— Exercise description —
Write again exactly the lines in the listing below, starting at the line with "このブログは忍者ブログ用デザインテンプレート『Leaf』のチュートリアルです。" and ending at the line with "Душевой угол размером", both included. Pictures are not copied.

— Data supplied —
......

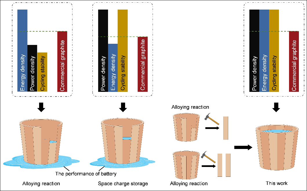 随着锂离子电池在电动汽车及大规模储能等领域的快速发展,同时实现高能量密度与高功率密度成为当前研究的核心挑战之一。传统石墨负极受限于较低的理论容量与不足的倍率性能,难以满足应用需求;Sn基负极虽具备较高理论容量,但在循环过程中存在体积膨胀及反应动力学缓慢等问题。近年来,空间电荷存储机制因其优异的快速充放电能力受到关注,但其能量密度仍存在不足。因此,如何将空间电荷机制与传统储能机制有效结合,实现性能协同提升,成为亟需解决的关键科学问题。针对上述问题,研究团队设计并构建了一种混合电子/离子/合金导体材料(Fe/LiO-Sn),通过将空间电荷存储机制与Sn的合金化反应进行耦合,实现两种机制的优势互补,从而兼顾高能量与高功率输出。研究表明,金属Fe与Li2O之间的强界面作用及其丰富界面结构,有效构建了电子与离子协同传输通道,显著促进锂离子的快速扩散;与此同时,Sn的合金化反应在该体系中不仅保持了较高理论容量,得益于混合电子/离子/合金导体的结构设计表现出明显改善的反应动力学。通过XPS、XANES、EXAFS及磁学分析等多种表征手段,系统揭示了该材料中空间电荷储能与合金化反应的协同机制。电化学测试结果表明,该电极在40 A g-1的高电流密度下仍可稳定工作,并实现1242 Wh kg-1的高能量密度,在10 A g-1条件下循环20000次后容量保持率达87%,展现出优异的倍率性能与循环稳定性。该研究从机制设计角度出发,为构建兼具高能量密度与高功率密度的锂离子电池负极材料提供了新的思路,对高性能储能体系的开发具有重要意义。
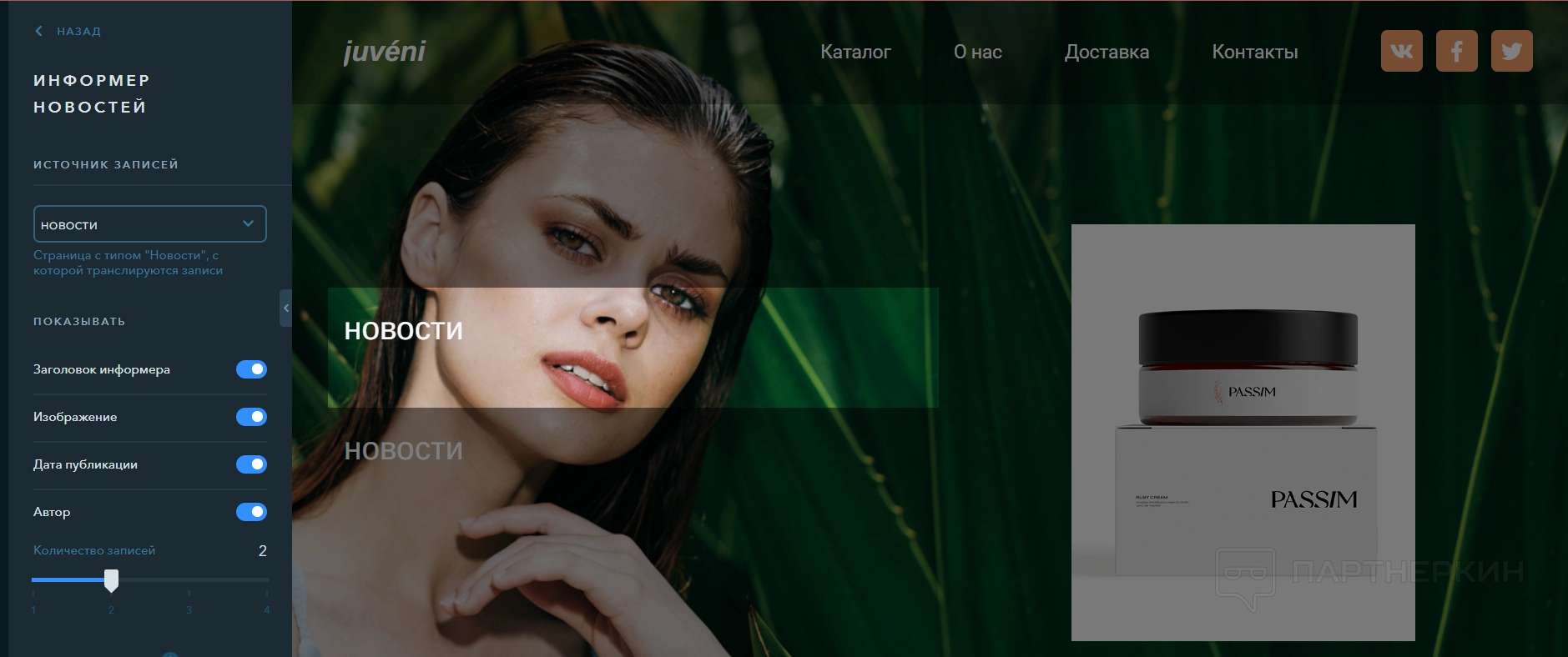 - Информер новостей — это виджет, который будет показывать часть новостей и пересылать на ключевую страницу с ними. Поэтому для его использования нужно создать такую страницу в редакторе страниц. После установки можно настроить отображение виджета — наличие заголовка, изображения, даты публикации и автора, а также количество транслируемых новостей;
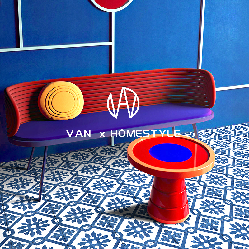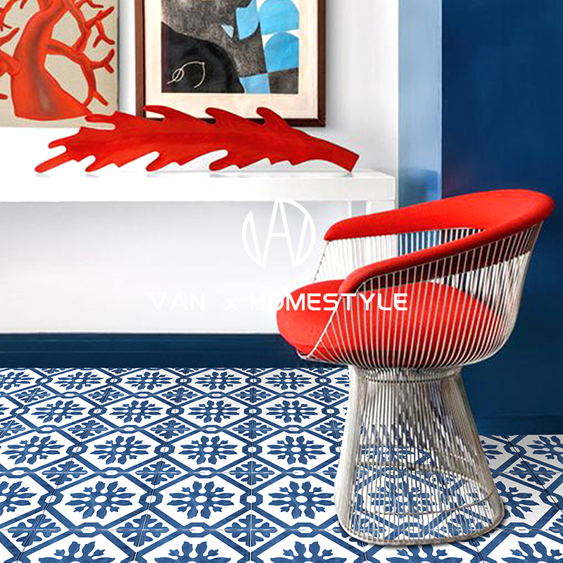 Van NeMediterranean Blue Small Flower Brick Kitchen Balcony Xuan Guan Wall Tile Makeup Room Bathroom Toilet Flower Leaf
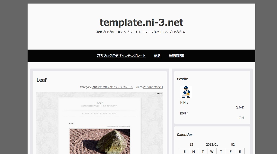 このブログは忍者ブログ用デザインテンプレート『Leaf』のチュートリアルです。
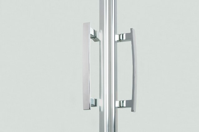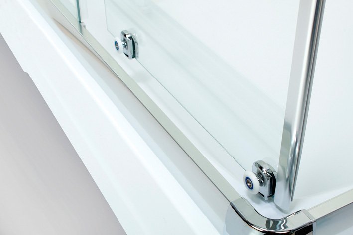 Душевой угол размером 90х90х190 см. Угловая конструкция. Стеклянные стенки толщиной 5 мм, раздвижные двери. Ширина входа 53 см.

......

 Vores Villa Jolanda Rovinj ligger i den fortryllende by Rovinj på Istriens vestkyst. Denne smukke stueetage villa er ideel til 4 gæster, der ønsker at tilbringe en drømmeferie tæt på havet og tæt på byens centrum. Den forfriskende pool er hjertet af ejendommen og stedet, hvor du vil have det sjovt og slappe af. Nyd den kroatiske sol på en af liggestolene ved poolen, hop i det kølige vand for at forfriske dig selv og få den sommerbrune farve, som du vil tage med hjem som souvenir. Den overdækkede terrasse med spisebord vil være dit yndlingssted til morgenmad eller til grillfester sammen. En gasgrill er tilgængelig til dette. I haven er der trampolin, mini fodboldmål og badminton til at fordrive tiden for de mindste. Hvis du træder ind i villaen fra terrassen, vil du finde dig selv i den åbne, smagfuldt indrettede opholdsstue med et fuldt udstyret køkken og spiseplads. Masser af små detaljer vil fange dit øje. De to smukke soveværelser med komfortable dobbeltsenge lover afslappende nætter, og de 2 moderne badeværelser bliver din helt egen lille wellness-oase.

......

— Response area —
 このブログは忍者ブログ用デザインテンプレート『Leaf』のチュートリアルです。
 Душевой угол размером 90х90х190 см. Угловая конструкция. Стеклянные стенки толщиной 5 мм, раздвижные двери. Ширина входа 53 см.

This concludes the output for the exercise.